« Vous n’avez pas payé ? Vous êtes des mauvais payeurs ? (…) Non, je ne vous protégerais pas. En fait, j’encouragerai [les Russes] à faire ce que bon leur semble. » Cette déclaration de Donald Trump lors d’un meeting électoral en Caroline du Sud, samedi 10 février, a suscité de vives réactions, parce qu’il remet en cause le principe de solidarité entre les Etats membres de l’Organisation du traité de l’Atlantique Nord (OTAN).
Cette charge du candidat à la primaire républicaine contre les alliés américains n’est pas nouvelle : pendant sa présidence (2017-2021), Donald Trump critiquait déjà un supposé déséquilibre entre les alliés sur le financement de l’Alliance atlantique. Mais en parlant de « mauvais payeurs » et de « pays [qui] nous doivent un énorme paquet d’argent depuis des années », l’ancien président entretient une confusion.
En effet, il n’est pas ici question du financement direct de l’OTAN : le budget de 3,8 milliards d’euros (pour 2024), qui permet d’assurer le fonctionnement de l’organisation et de ses commandements militaires, est abondé par des contributions de ses membres, au prorata de leurs capacités budgétaires et de leurs besoins militaires. Ce point ne pose pas vraiment problème.
Les 2 % du PIB, une règle instaurée en 2006
Les critiques de Donald Trump font en réalité référence au financement indirect de l’OTAN, qui est beaucoup plus important. L’Alliance ne disposant pas de forces armées, ce sont ses membres qui mettent à disposition de l’organisation les troupes et matériels nécessaires aux opérations, sur la base du volontariat.
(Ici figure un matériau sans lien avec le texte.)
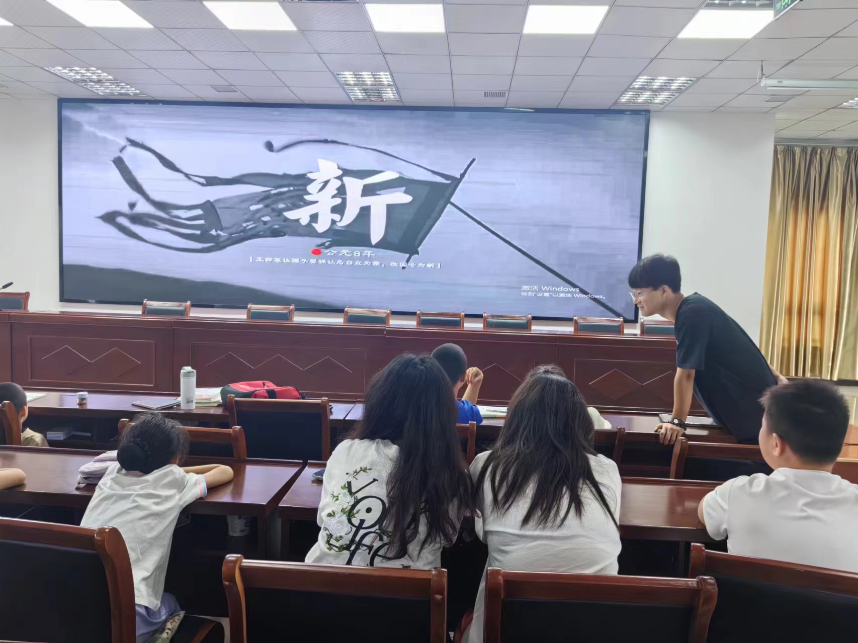上午时段,小课堂以“穿越千年,探寻中华传统文化”为主题拉开序幕。支教团成员牛俊昊巧妙运用纪录片这一媒介,将中华五千年文明的璀璨篇章以生动直观的方式展现在小朋友们面前。从远古的文明曙光到近现代的辉煌成就,每个朝代的特点与风俗习惯在牛俊昊的讲述下变得栩栩如生,激发了小朋友们对传统文化的浓厚兴趣与探索欲望。面对小朋友们充满好奇的问题,支教团的成员们耐心解答,用知识的钥匙为他们打开了一扇通往历史深处的大门。

Ce sont donc les capacités de défense de chaque pays qui sont sollicitées pour contribuer à la capacité de l’organisation.
Pour mesurer cet effort, il est d’usage de ramener les dépenses annuelles de défense de chaque Etat à sa richesse nationale, mesurée par le produit intérieur brut (PIB). Il s’agit selon l’OTAN d’un « indicateur de la volonté politique de chaque Etat de contribuer à l’effort global ».
Pendant longtemps, aucune règle claire ne fixait le niveau minimal de dépenses militaires exigé des Etats membres. Dans les faits, les Etats-Unis représentaient une part substantielle de ces dépenses, tandis que plusieurs autres membres tendaient à diminuer les leurs.
A partir de 2006, les Etats membres de l’Alliance ont convenu de renverser cette tendance, en se fixant collectivement l’objectif de porter leur budget militaire à au moins 2 % du PIB. Après l’annexion de la Crimée par la Russie, en 2014, les pays membres ont précisé cet objectif : le but était alors de « se rapprocher » de 2 % d’ici à 2024, sans que cette règle devienne pour autant contraignante.
A la fin de 2023, seuls onze des trente et un membres avaient tenu promesse. La France se trouve encore légèrement en deçà (1,9 %), et l’Allemagne encore plus loin (1,6 %). Toutefois, Jens Stoltenberg, le secrétaire général de l’OTAN, a déclaré le 14 février que sept pays supplémentaires atteindraient les 2 % en 2024. Une dizaine de membres resteraient alors hors des clous.
La tendance est néanmoins à la hausse des budgets de défense. Depuis 2014, tous les pays de l’organisation l’ont augmenté – huit d’entre eux l’ayant même plus que doublé. Même si la part des Américains dans le financement indirect de l’OTAN a été légèrement réduite sau cours de cette période (de 72 % à 68 % en dollars constants), les Etats-Unis restent de loin le premier contributeur indirect au sein de l’Alliance, avec un budget alloué à la défense de plus de 860 milliards de dollars (800 milliards d’euros) sur un total de 1 264 milliards de dollars de budget pour l’ensemble des alliés.